Book Review: “Aru Shah and the Nectar of Immortality”

Roshani Chokshi delivers a brilliant fest of coming-of-age action with her latest book Pandava, Aru Shah and the Nectar of Immortality. In the final battle with the Sleeper, Aru and his friends must defeat the deadliest of all foes, Doubt. Mythical monsters and gods are deadly, but the most powerful enemy of all is lack of self-confidence.

During the final hiatus, Aru and his friends Brynne, Mini, Aiden, Nikita, and Sheela were on the verge of despair. Although they found another Pandava brother in the form of Kara, who also happened to be Aru’s half-sister, the hope of success against the Sleeper (Aru’s father) was dim. Manipulating Kara, the Sleeper was able to destroy the Pandava’s divine weapons, and he and Kara disappeared to find the Nectar of Immortality. The end of time is on the horizon.

Faced with the absence of a divine arsenal, the Pandavas are forced to face their own shortcomings. Can they be heroes without weapons? What can they do without their magical abilities? How would a group of teenagers defeat a god from mythology? These are just some of the main questions Aru and his friends try to answer as they dive into their latest adventure.

News of the impending destruction of the world is rampant. The citizens of the afterlife and the Hindu gods lost faith in the Pandavas. It seems the time for destruction is near, and Aru and his friends have failed.

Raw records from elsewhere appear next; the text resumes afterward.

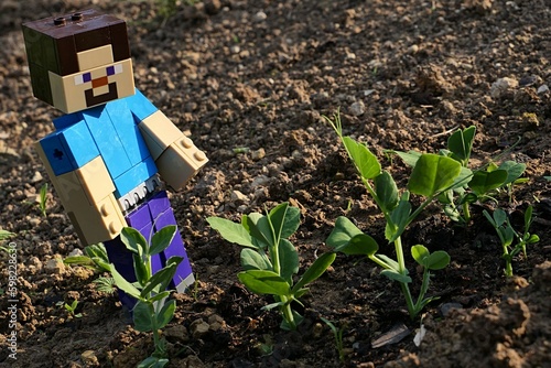 © zayacsk, Fototapeta premium LEGO Minecraft large figure of Alex is happy above as he found spring pea (pisum sativum) sprouts in freshly cultivated garden bed, late afternoon sunshine.
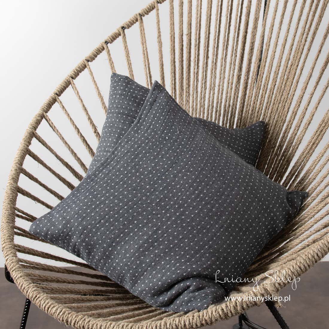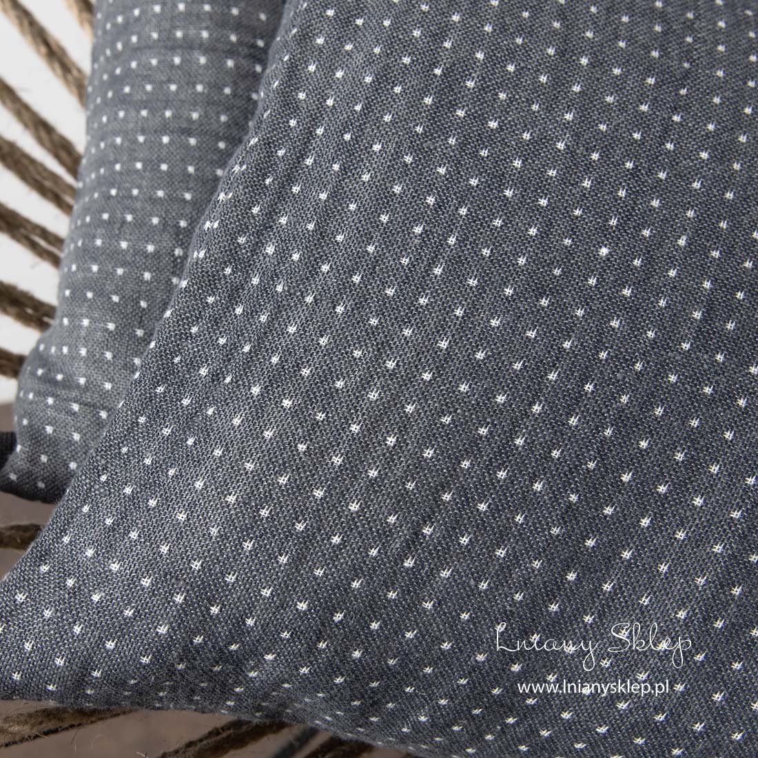 Lniana poszewka dekoracyjna szara w kropeczki wytkana z przędzy czarnej i ciemnoszarej. Kropeczki – mlecznobiałe. Tkaninę lniano – bawełnianą poddaliśmy zmiękczeniu przez pranie. Zasuwana na zamek błyskawiczny. W naszej kolekcji mamy pled wytkany w identyczny wzór.
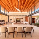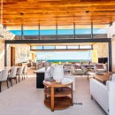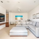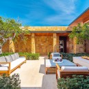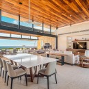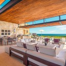 The outdoor space revolves around the captivating blue waves of the Sea of Cortez, inviting visitors to the soft sands and panoramic views. Eight deck loungers line the heated swimming pool and Jacuzzi, offering guests the choice of basking in the afternoon sun or seeking respite under the expansive deck's shade. The outdoor area features a gas grill, an outdoor wet bar with counter seating, and an al fresco dining table. Completing the ambiance is an outdoor stereo system and a full outdoor living room with comfortable seating, complemented by a fire pit and additional seating right on the sandy shore. Seamlessly transitioning between indoor and outdoor spaces, the home flows effortlessly from the outdoor terrace to the living room and into the interior courtyard.
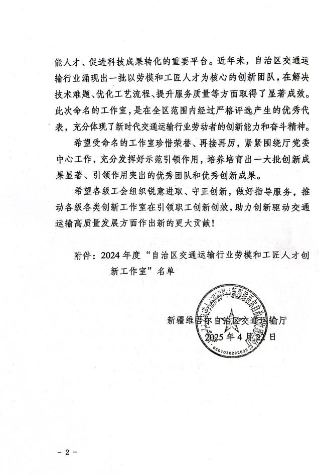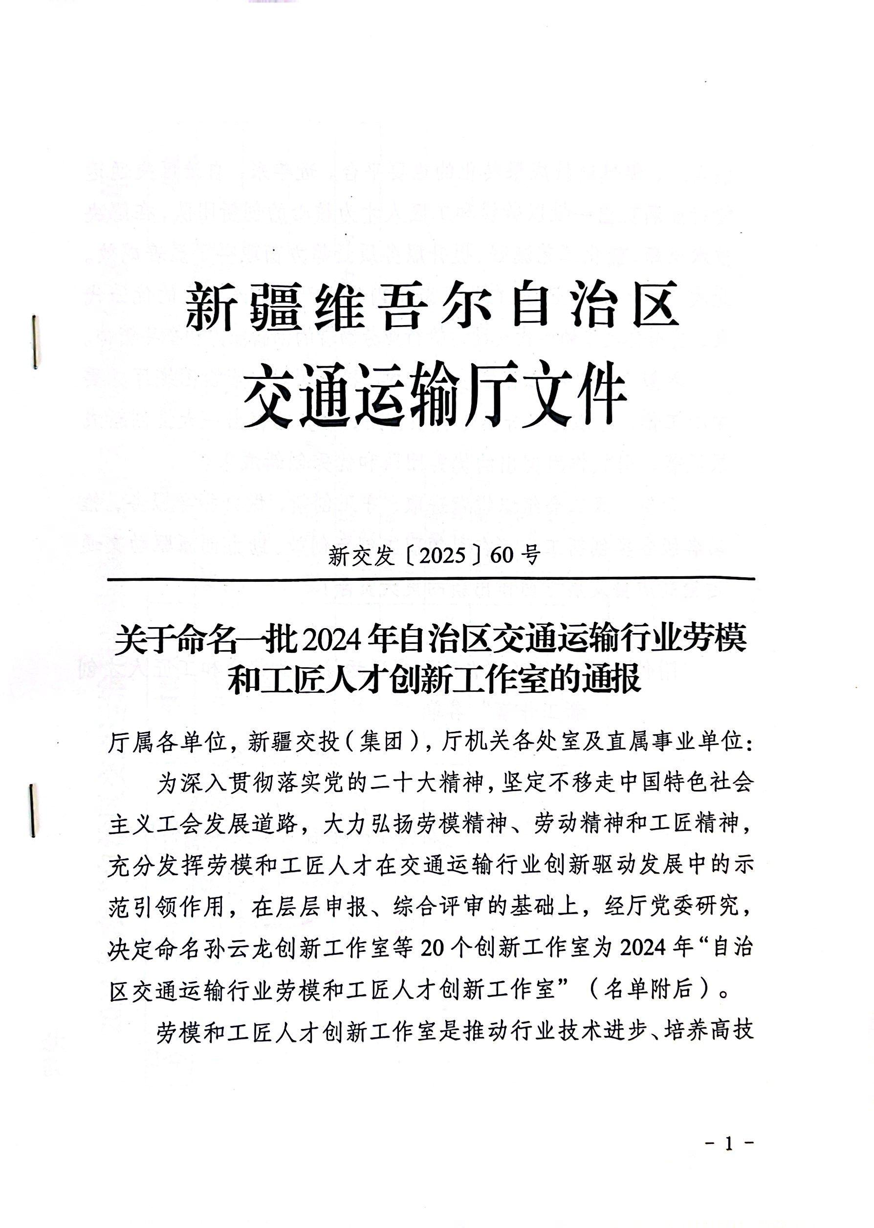 近日,自治区交通运输厅发布《关于命名一批2024年自治区交通运输行业劳模和工匠人才创新工作室的通报》,经层层申报、综合评审,学院马克思主义学院徐瑾创新工作室成功入选,被命名为2024年“自治区交通运输行业劳模和工匠人才创新工作室”。
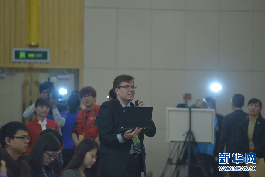 ????十二屆全國人大三次會(huì)議新聞中心于3月12日在梅地亞中心多功能廳舉行記者會(huì),邀請(qǐng)中國人民銀行行長周小川,中國人民銀行副行長、國家外匯管理局局長易綱,中國人民銀行副行長潘功勝,絲路基金有限責(zé)任公司董事長金琦就金融改革與發(fā)展回答中外記者提問。圖為塔斯社記者提問。新華網(wǎng)/中國政府網(wǎng) 郭小天攝
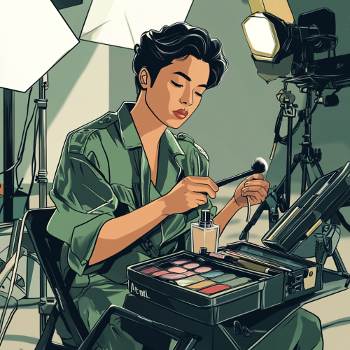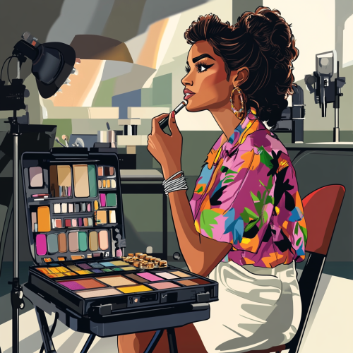 A stylized illustration of a Latino Makeup Artist on a film set, positioned near a director’s chair with an open makeup kit beside them. The artist, dressed in a trendy, practical outfit, holds a makeup brush with a steady hand, focusing on applying precise touch-ups to the talent. Their kit is packed with colorful palettes, brushes, and tools, showcasing their skill and readiness for quick adjustments. Rendered with bold lines and high-contrast shading inspired by *Archer* with anime-style detailing, the scene captures the makeup artist’s meticulous approach, with hints of lighting equipment and other crew members in the background, adding to the vibrant, collaborative energy of the set.
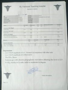 تم اخذ المريض الى الطبيب المختص بالاعصاب وطلب اجراء الفحوصات المرفقه بالصور.

The End of the Terror World is a common plotline in many mid-level novels, and that’s what makes it so fun to read. Having read the first Aru Shah in 2018, I loved her journey, and following the path Chokshi charted for her heroine has been pure bliss. I’m a fan of history, a great story full of action and a well thought out story that makes me care what’s going on.

As a forty-year-old critic traveling through the wonders of mid-level literature, I can’t help but be jealous of the quantity and quality of literature available today. There are an abundance of great books waiting to be discovered, and Aru Shah’s saga is another touchstone of great reading. With each novel, Chokshi has strived to deliver a gripping story that takes us into the world of Hindu mythology, but at the heart of her books are fascinating and interesting characters. Aru Shah is a BIG character that readers will love. In his fifth book Aru Shah and the Nectar of Immortality, Chokshi grows his characters with grace and continues to show readers that no one can be successful unless they accept and know themselves.

As with any mid-level story, there’s always a quest or journey for the protagonist to complete, and while we’ve seen Aru and his friends navigate some tricky waters, Chokshi saved the best for last. One of life’s greatest battles is the fight against self-doubt. The loss of their divine weapons causes them to question their own abilities.

It’s a tale from modern mythology, but it’s the problem teenagers face every day. The decidedly difficult test of doubt. Questioning who we are and what we are going to do is a painful journey for everyone, no matter your age. Against the backdrop of battling monsters and gods, Aru is an ordinary teenager who grew up without a father, built a wall between herself and her mother, and spent many days alone. It is the unification of Pandava spirits that brings Aru together with his friends Mini, Brynne, Sheela, Nikita and Aiden.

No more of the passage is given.